→ WORK INSTRUCTIONS: Copy the lines below, word for word, from the first through the line containing "Pingutusnööriga kott taaskasutatud". Leave the pictures out.

<<<<

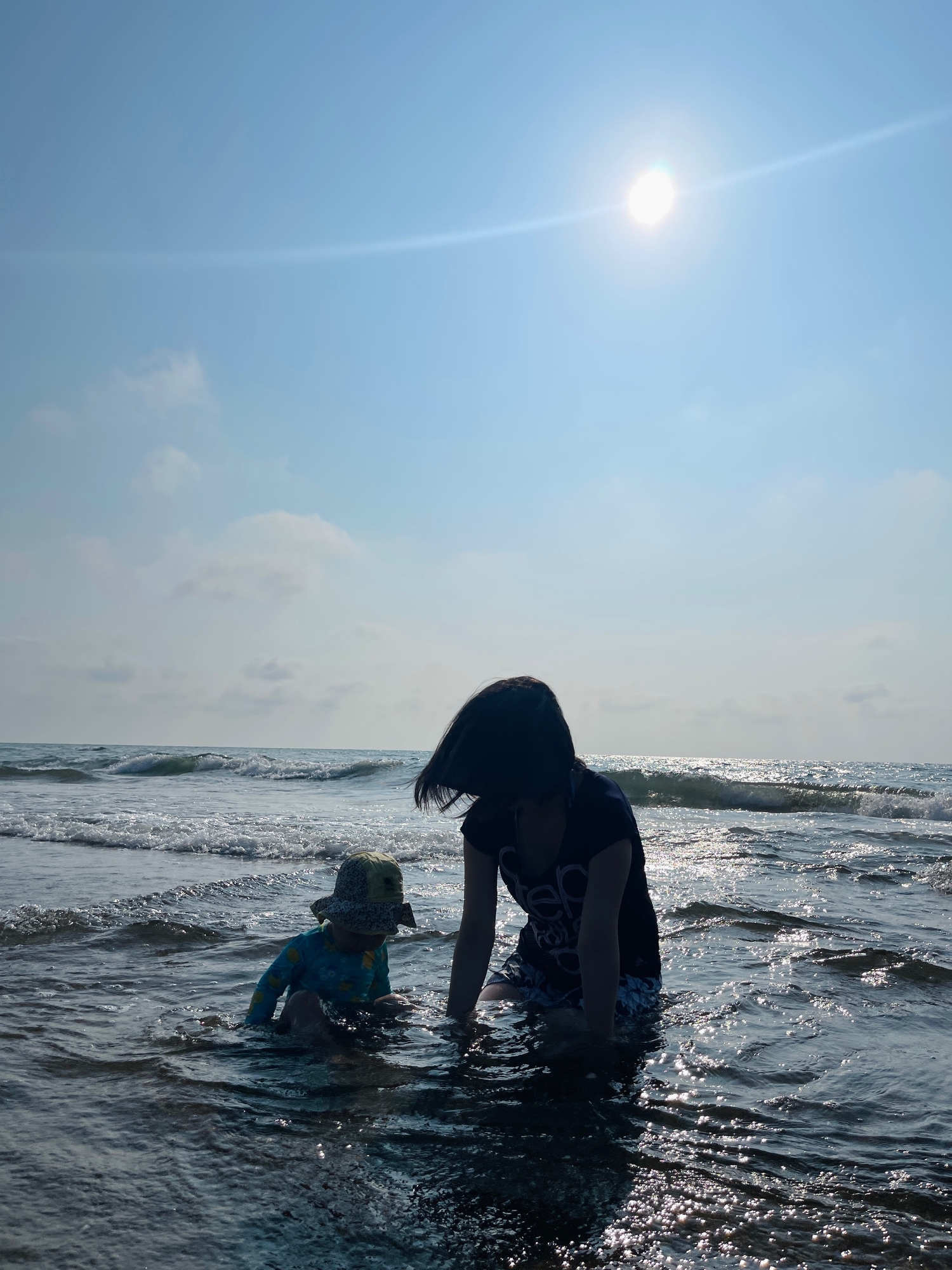 昨年は私に抱っこされて、そーっと海に入っていた娘でしたが、今年は浜辺からスタスタと波も恐れず海にどんどん突進していくではありませんか😆大きな波がきても喜んでいて🌊お顔に波がかかっても全然泣かず、楽しんでいる様子。海が好きな子なんでしょうか?とにかく娘の成長を感じました😊
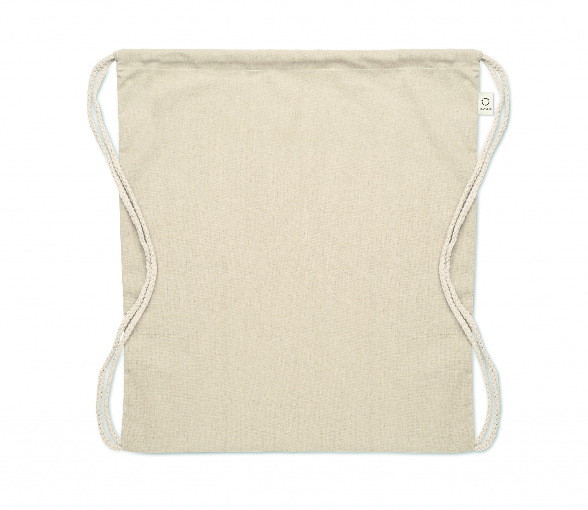 Pingutusnööriga kott taaskasutatud tarbimiseelsest puuvillast (70%) ja RPET-st (30%) 140 gr/m².
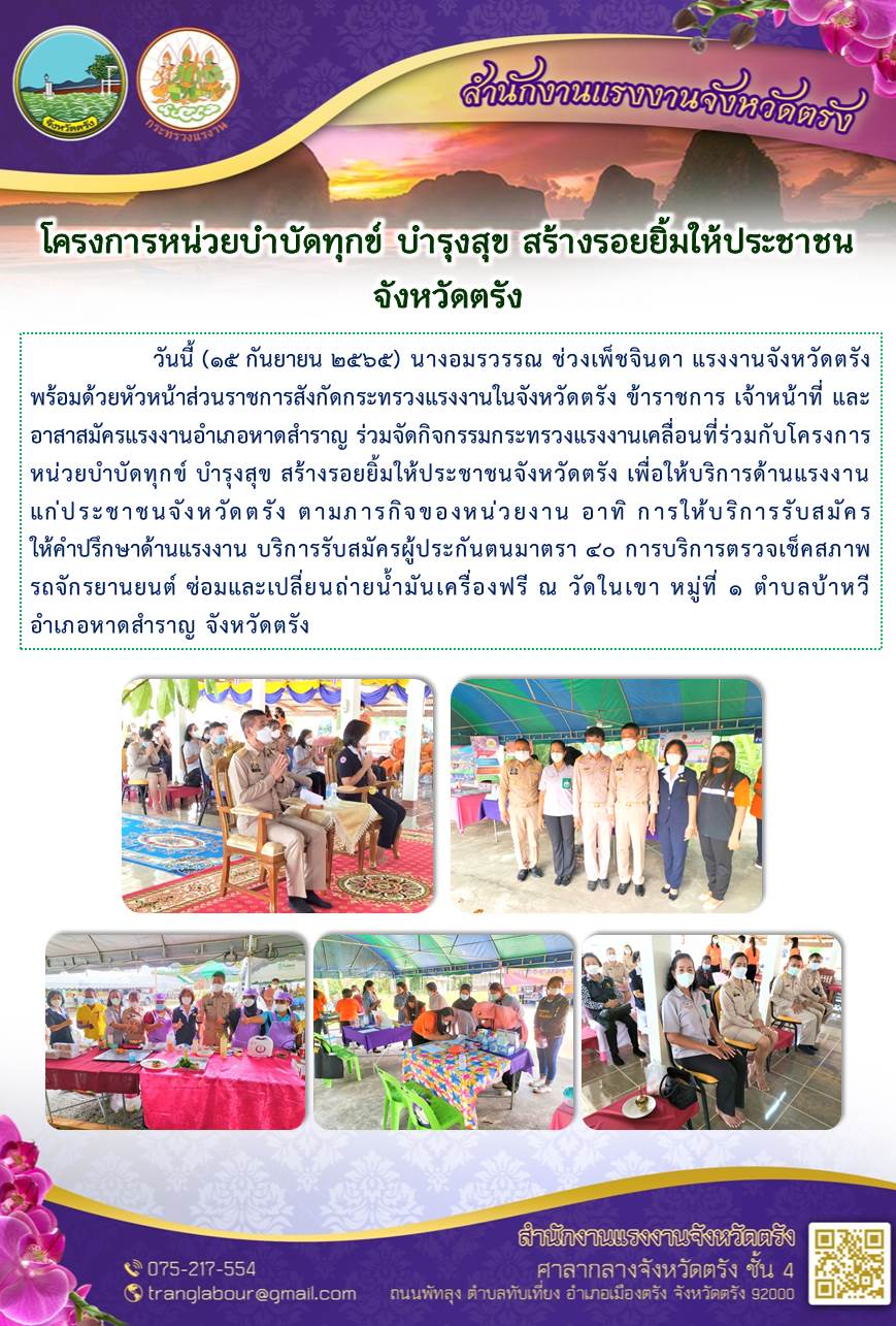 แรงงานจังหวัดตรัง พร้อมด้วยหัวหน้าส่วนราชการสังกัดกระทรวงแรงงานในจังหวัดตรัง ข้าราชการ เจ้าหน้าที่ และอาสาสมัครแรงงานอำเภอหาดสำราญ ร่วมจัดกิจกรรมกระทรวงแรงงานเคลื่อนที่ร่วมกับโครงการหน่วยบำบัดทุกข์ บำรุงสุข สร้างรอยยิ้มให้ประชาชนจังหวัดตรัง
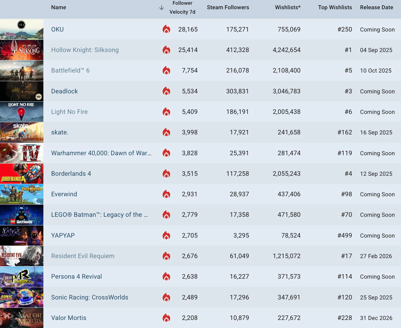 Looking at GDCo's analysis of 'trending' unreleased Steam games by 7-day new follower velocity (above) - ignoring the incented OKU (#1), Hollow Knight: Silksong (#2) is surging ahead of its much-vaunted release later this week. And Battlefield 6 (#3) continues to rack up both followers and pre-orders.
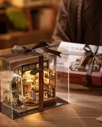 Samlingen er intuitiv og sjov – de enkelte dele passer præcist, så både begyndere og erfarne modelbyggere kan nyde processen. Cirka 6 timers kreativt arbejde giver en behagelig pause fra hverdagen, og resultatet er en stilfuld mini-café med belysning, der lyser op på hylden, skrivebordet eller i vitrinen.
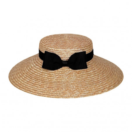 Audrey is a natural straw hat adorned with a black grosgrain ribbon, finished with a bow placed at the front.
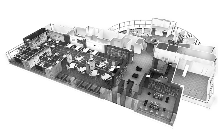 そこに居るだけで学びの原動力となる好奇心や探究心を刺激し、自ずと意欲やモチベーションが向上するような空間。そのために、扉を開けたときに別世界に足を踏み入れたかのような独創性を重視する。また「見る」「見られる」ことにより、学生同士が相互刺激を受け、「学びの伝播」が生まれるよう、空間の開放性、透明性を高めて可視化する。大学の学びの象徴としての蔵書の魅力を強調し、書架はスタイリッシュに重厚感を醸し出し、「本の森」の「ワクワク」感、迷いながらたどり着く過程で思いがけない本との出合いが生まれるデザインとする。
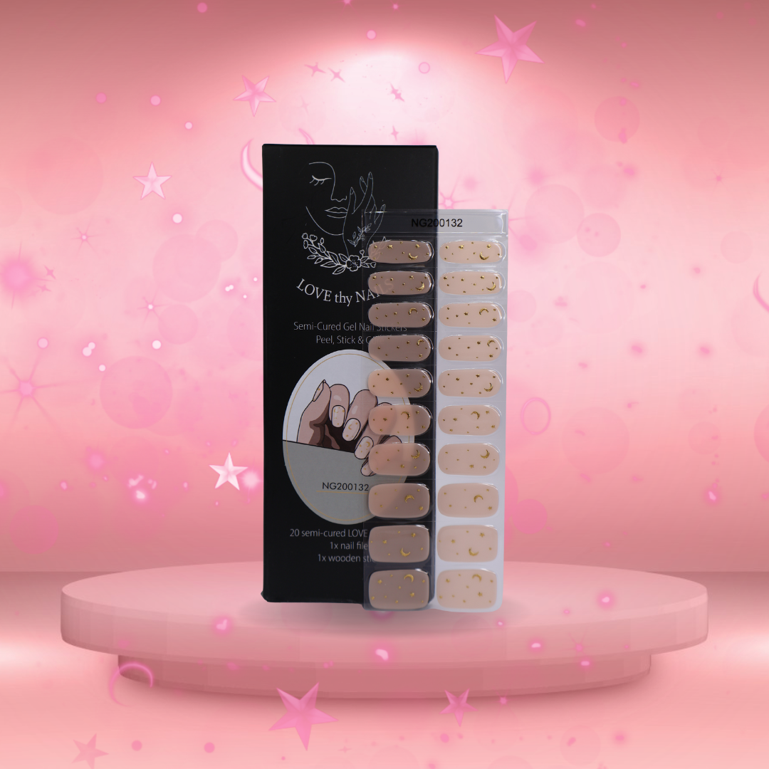 A soft nude base with delicate celestial accents — this dreamy set brings starry-night magic to your everyday nails.
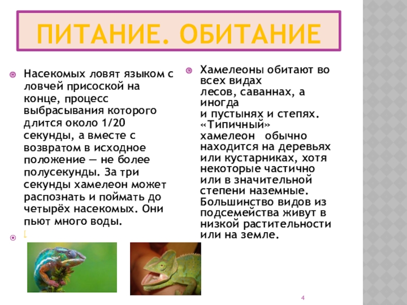 Узнать, где обитают хамелеоны, чем питаются;
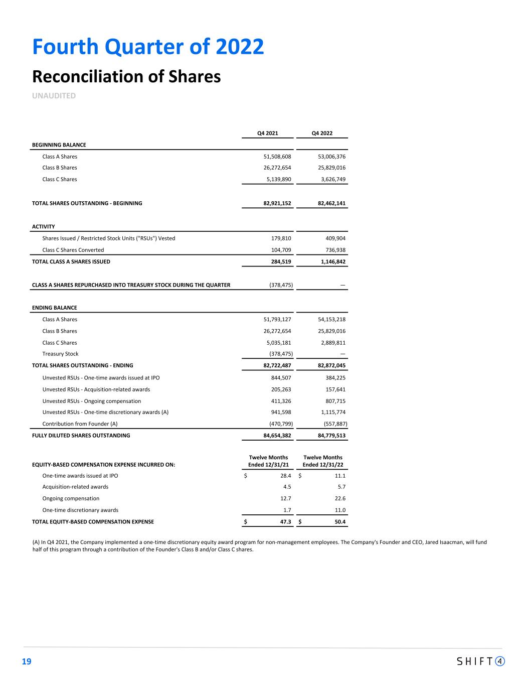 Fourth Quarter of 2022 19 Reconciliation of Shares UNAUDITED Q4 2021 Q4 2022 BEGINNING BALANCE Class A Shares 51,508,608 53,006,376 Class B Shares 26,272,654 25,829,016 Class C Shares 5,139,890 3,626,749 TOTAL SHARES OUTSTANDING - BEGINNING 82,921,152 82,462,141 ACTIVITY Shares Issued / Restricted Stock Units ("RSUs") Vested 179,810 409,904 Class C Shares Converted 104,709 736,938 TOTAL CLASS A SHARES ISSUED 284,519 1,146,842 CLASS A SHARES REPURCHASED INTO TREASURY STOCK DURING THE QUARTER (378,475) — ENDING BALANCE Class A Shares 51,793,127 54,153,218 Class B Shares 26,272,654 25,829,016 Class C Shares 5,035,181 2,889,811 Treasury Stock (378,475) — TOTAL SHARES OUTSTANDING - ENDING 82,722,487 82,872,045 Unvested RSUs - One-time awards issued at IPO 844,507 384,225 Unvested RSUs - Acquisition-related awards 205,263 157,641 Unvested RSUs - Ongoing compensation 411,326 807,715 Unvested RSUs - One-time discretionary awards (A) 941,598 1,115,774 Contribution from Founder (A) (470,799) (557,887) FULLY DILUTED SHARES OUTSTANDING 84,654,382 84,779,513 EQUITY-BASED COMPENSATION EXPENSE INCURRED ON: Twelve Months Ended 12/31/21 Twelve Months Ended 12/31/22 One-time awards issued at IPO $ 28.4 $ 11.1 Acquisition-related awards 4.5 5.7 Ongoing compensation 12.7 22.6 One-time discretionary awards 1.7 11.0 TOTAL EQUITY-BASED COMPENSATION EXPENSE $ 47.3 $ 50.4 (A) In Q4 2021, the Company implemented a one-time discretionary equity award program for non-management employees. The Company's Founder and CEO, Jared Isaacman, will fund half of this program through a contribution of the Founder's Class B and/or Class C shares.
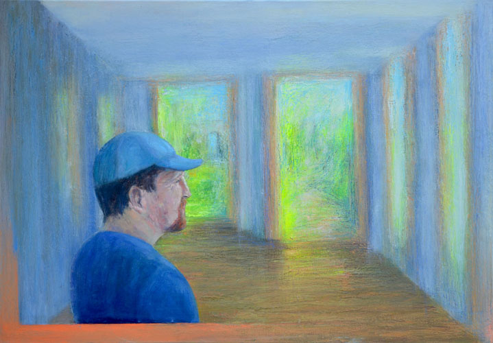 "Het vertrek I" (2017) - 70 x 100 cm - gemengde techniek op doek
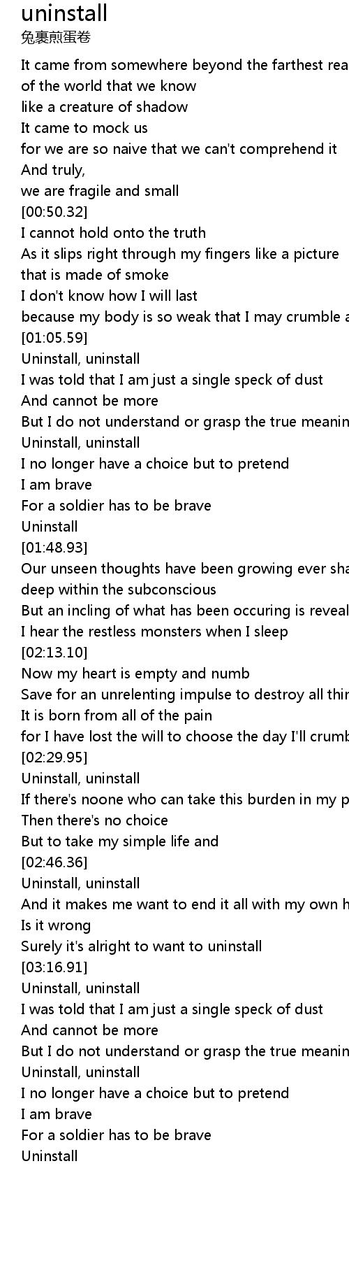 | [02:46.63] | Uninstall, uninstall |

>>>>

→ YOUR SOLUTION:
 昨年は私に抱っこされて、そーっと海に入っていた娘でしたが、今年は浜辺からスタスタと波も恐れず海にどんどん突進していくではありませんか😆大きな波がきても喜んでいて🌊お顔に波がかかっても全然泣かず、楽しんでいる様子。海が好きな子なんでしょうか?とにかく娘の成長を感じました😊
 Pingutusnööriga kott taaskasutatud tarbimiseelsest puuvillast (70%) ja RPET-st (30%) 140 gr/m².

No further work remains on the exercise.